What you are asked to do = The answer must consist solely of the lines below starting at the one containing "Grey sweatpants. Size" and ending at the one containing "다시 말해, 화재 감식과", repeated exactly, with both ends included and all pictures omitted.

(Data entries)
--- START ---
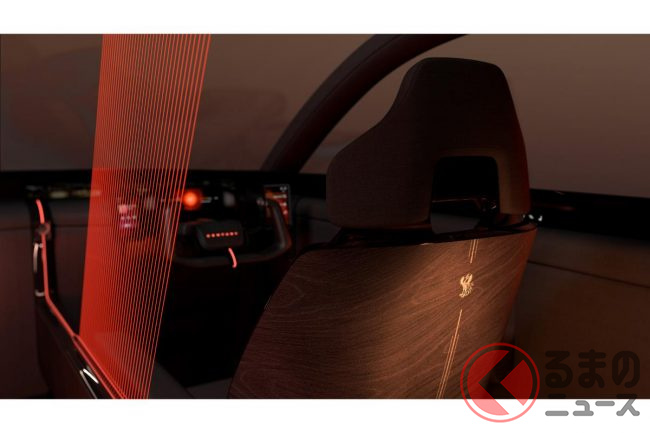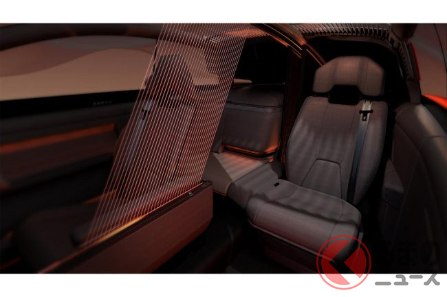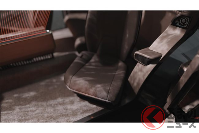 ジャパンモビリティショー2025の展示では、助手席が大きく後方へスライドした状態で展示されていましたが、これは助手席側にリアシートが存在しないからこそ可能なレイアウトです。
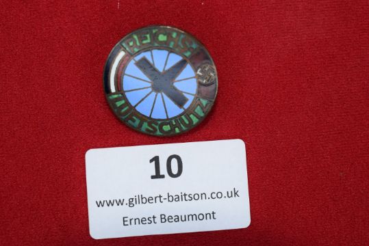 Enamel badge issued by the Reichsluftschutzbund (RLB)—the Reich Air Protection League—responsible for organizing civilian air raid precautions (ARP) and defense measures throughout Nazi Germany. This variant is known for its vibrant enamel and distinctive wheel-and-lightning motif. Maker-marked with GES. GESCH.
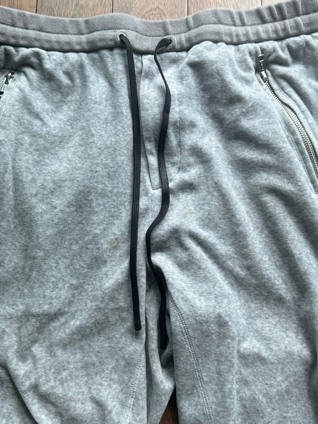 Grey sweatpants. Size medium. Features zippered pockets and drawstring waist. Excellent condition.
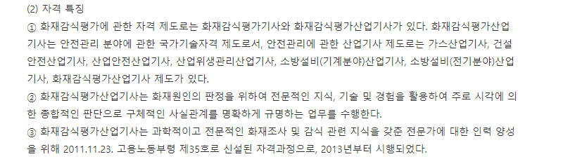 다시 말해, 화재 감식과 관련된 직종은 해당 자격증을 통해 도전이 가능하다고 할 수 있습니다.
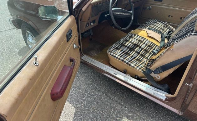 The plaid upholstery will have to be redone, and we wonder about the tires (loads of tread left, but the pattern appears to be an older design). The only other possible downside is the lack of a title (aka “missing”). Does that mean it was misplaced or simply one was never issued, as this is a 1970s New England car? Kudos to Tony Primo for a tip that may be more than a granny mobile one day.
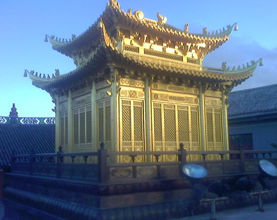 明鑄金殿,在"文革"期間被毀。除了楞嚴(yán)塔外,金頂寺保存較為完好的還有"大門"。這道大門是由白族藝人設(shè)計(jì)的,充分體現(xiàn)了白族精湛的建筑工藝水平。版權(quán)所有山東聊城聊之旅國(guó)際旅行社有限公司,轉(zhuǎn)載必究!門頂橫列正脊,兩端垂脊,飛檐翹角,凌空欲飛,形式美觀、大方。進(jìn)入大門,彌勒殿前供奉彌勒佛像,殿后塑韋陀菩薩像。楞嚴(yán)塔后的大雄寶殿里,供奉著釋迦牟尼佛像,佛像兩側(cè),分別塑有阿難尊者、迦葉尊者、達(dá)摩祖師、六臂護(hù)法王像。
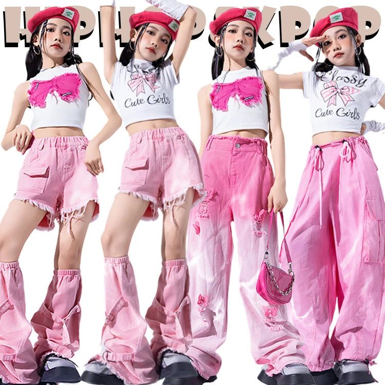 韓国 jazz 女の子 ホワイト トップス 腕カバー ピンク デニムパンツ キッズ ダンス衣装 セットアップ おしゃれ かっこいい かわいい ゆったり 半袖 ヒップホップ ジャズダンス k- へそ出し
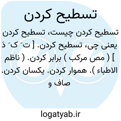 تسطیح کردن. [ ت َ ک َ دَ ] ( مص مرکب ) برابر کردن. ( ناظم الاطباء ). هموار کردن. یکسان کردن. صاف و مسطح کردن زمین و جز آن. و رجوع به تسطیح و تسطح در همین لغت نامه شود. || علم تسطیح کره. دانستن چگونگی نقل کره است به سطح با حفظ خطها و دائره ها که بر آن رسم شده است و چگونگی نقل این دائره ها از دائره بخط. ( از کشف الظنون ). رجوع به کشاف اصطلاحات الفنون شود. از جمله کتابها که در این علم نوشته شده کتاب تسطیح الکرة منسوب به بطلمیوس است.
--- END ---
Written answer =
 Grey sweatpants. Size medium. Features zippered pockets and drawstring waist. Excellent condition.
 다시 말해, 화재 감식과 관련된 직종은 해당 자격증을 통해 도전이 가능하다고 할 수 있습니다.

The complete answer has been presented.